A critical evaluation of [ML(ONO)]n+ (M = Fe, Ru, Os) as nitric oxide precursor influenced by spin multiplicity and geometrical parameters (M-O-NO and MO-N-O) for the NO release: A theoretical study

Abstract

In cell biology, the physiological functions control blood pressure by the production of nitric oxide, and the exploitation of metal complexes such as [ML-ONO] (M = Fe2+, Ru2+, Os2+) has been motivated to study the photolytic liability of NO. The structural and electronic properties of the complexes of 1,4,8,11-tetrakis-(1-methyl-pyridyl)-1,4,8,11-tetraazacyclotetradecane were analyzed theoretically. The results show that β-cleavage of nitrito group in the complex [ML-ONO]n+ (M = Fe, Ru, Os; n = 1 or 2) favors the NO release, and observed the role of spin multiplicity. The M(II)-O-NO angle is associated with the degree of activation of the M(II)O—NO bond, relying on the excitations (S = 1 or S = 2), and it is corelated to the reduction of the bond angle ONO (~133° at S = 0) to ~ 105° at S = 1 or 2, favoring the nitrito β-cleavage for the complexes.

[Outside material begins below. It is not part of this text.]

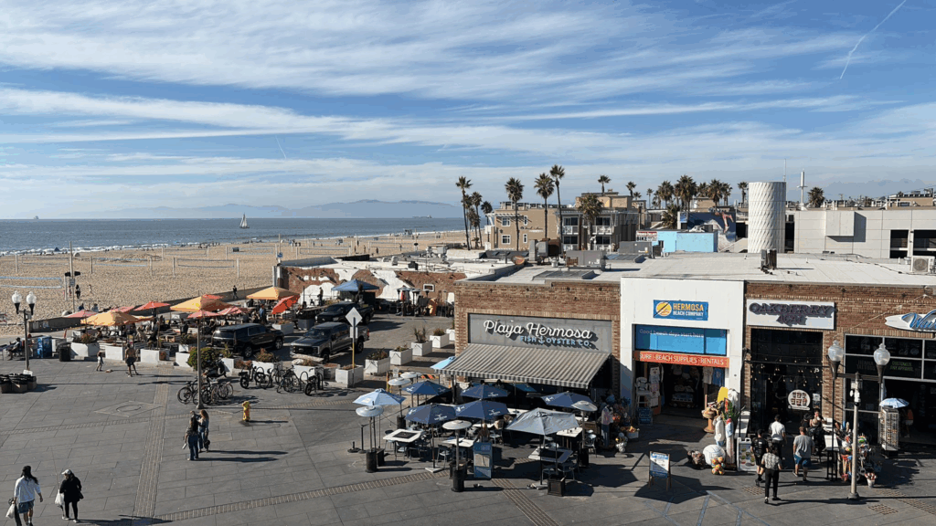Hermosa, c’est un village californien en bord d’océan, avec des joggeurs à 6h du matin, des petits cafés qui sentent le granola et le sable fin, et une jetée où le Pacifique s’écrase comme dans un film. On pose les sacs, on avale une bière face à la mer, et on se force à tenir jusqu’à 19h30 avant de sombrer. Objectif : battre le décalage horaire.

This is consistent with orbital energy (dx2-y2) stabilizing the axial M(III)-O bond greater than that in M(II)-O [Fe < Ru ~ Os] as the excitation of singlet to triplet or to quintet prompts the NO delivery according to Gibbs free energy, agreeing with the transition state energy. However, at high spin state like 3/2 or 5/2, irrespective of bond angle M(III)-O-NO or ONO, the bond O-NO was broken spontaneously, resulting relatively a greater bond distance. Natural Transition Orbitals (NTOs), Molecular orbital (MO) Electron density contour on molecular orbital surface were also studied to understand the M-ONO bonding nature, and observed its performance in the TD-DFT electronic spectra.